- Data segment:
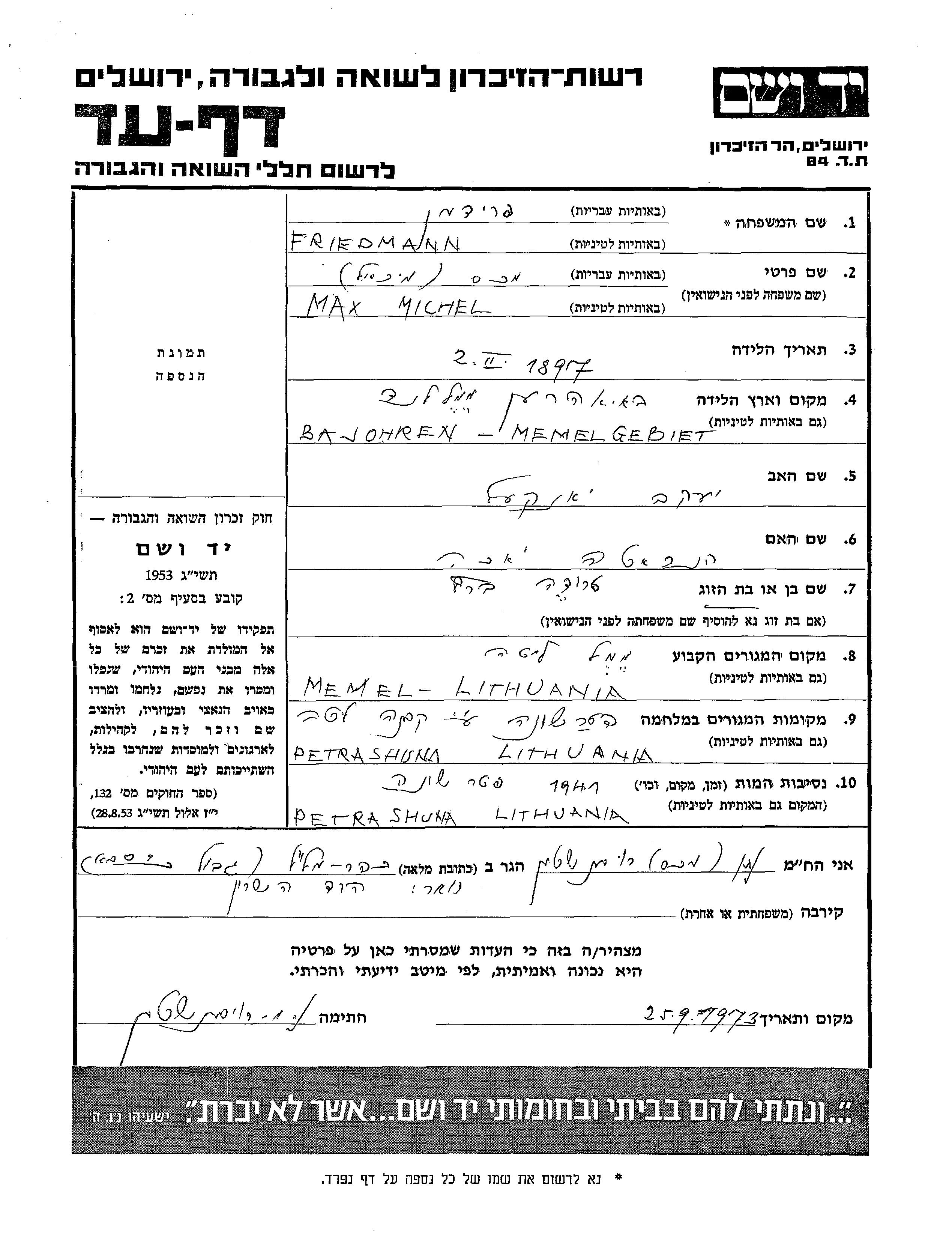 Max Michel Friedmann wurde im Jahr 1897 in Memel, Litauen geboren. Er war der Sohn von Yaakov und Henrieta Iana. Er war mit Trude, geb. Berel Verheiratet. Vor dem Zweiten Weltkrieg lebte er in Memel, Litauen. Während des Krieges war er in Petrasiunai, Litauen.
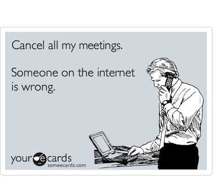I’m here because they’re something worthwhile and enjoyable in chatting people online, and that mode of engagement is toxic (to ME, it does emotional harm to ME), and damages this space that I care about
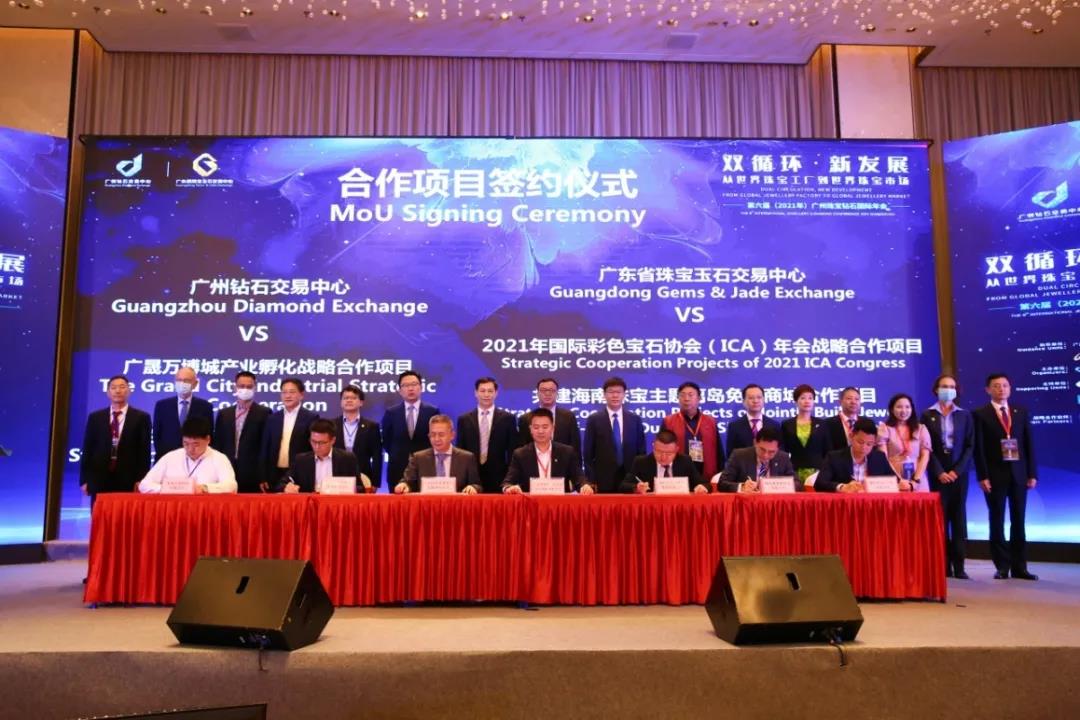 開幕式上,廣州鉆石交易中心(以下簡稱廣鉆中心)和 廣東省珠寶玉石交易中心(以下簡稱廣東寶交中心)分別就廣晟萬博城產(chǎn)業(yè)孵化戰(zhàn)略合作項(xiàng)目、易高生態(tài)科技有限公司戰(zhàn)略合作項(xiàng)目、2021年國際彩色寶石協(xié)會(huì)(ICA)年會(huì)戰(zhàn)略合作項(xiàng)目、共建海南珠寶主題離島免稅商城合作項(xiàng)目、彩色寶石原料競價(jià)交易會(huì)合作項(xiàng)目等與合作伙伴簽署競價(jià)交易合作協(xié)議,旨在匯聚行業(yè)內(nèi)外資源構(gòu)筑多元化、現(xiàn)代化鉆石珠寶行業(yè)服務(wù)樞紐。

- Task description: Print only the lines running from the line that contains "I’m here because" to the final line of the listing, both included. Omit every picture.

- Exercise output:
I’m here because they’re something worthwhile and enjoyable in chatting people online, and that mode of engagement is toxic (to ME, it does emotional harm to ME), and damages this space that I care about
 開幕式上,廣州鉆石交易中心(以下簡稱廣鉆中心)和 廣東省珠寶玉石交易中心(以下簡稱廣東寶交中心)分別就廣晟萬博城產(chǎn)業(yè)孵化戰(zhàn)略合作項(xiàng)目、易高生態(tài)科技有限公司戰(zhàn)略合作項(xiàng)目、2021年國際彩色寶石協(xié)會(huì)(ICA)年會(huì)戰(zhàn)略合作項(xiàng)目、共建海南珠寶主題離島免稅商城合作項(xiàng)目、彩色寶石原料競價(jià)交易會(huì)合作項(xiàng)目等與合作伙伴簽署競價(jià)交易合作協(xié)議,旨在匯聚行業(yè)內(nèi)外資源構(gòu)筑多元化、現(xiàn)代化鉆石珠寶行業(yè)服務(wù)樞紐。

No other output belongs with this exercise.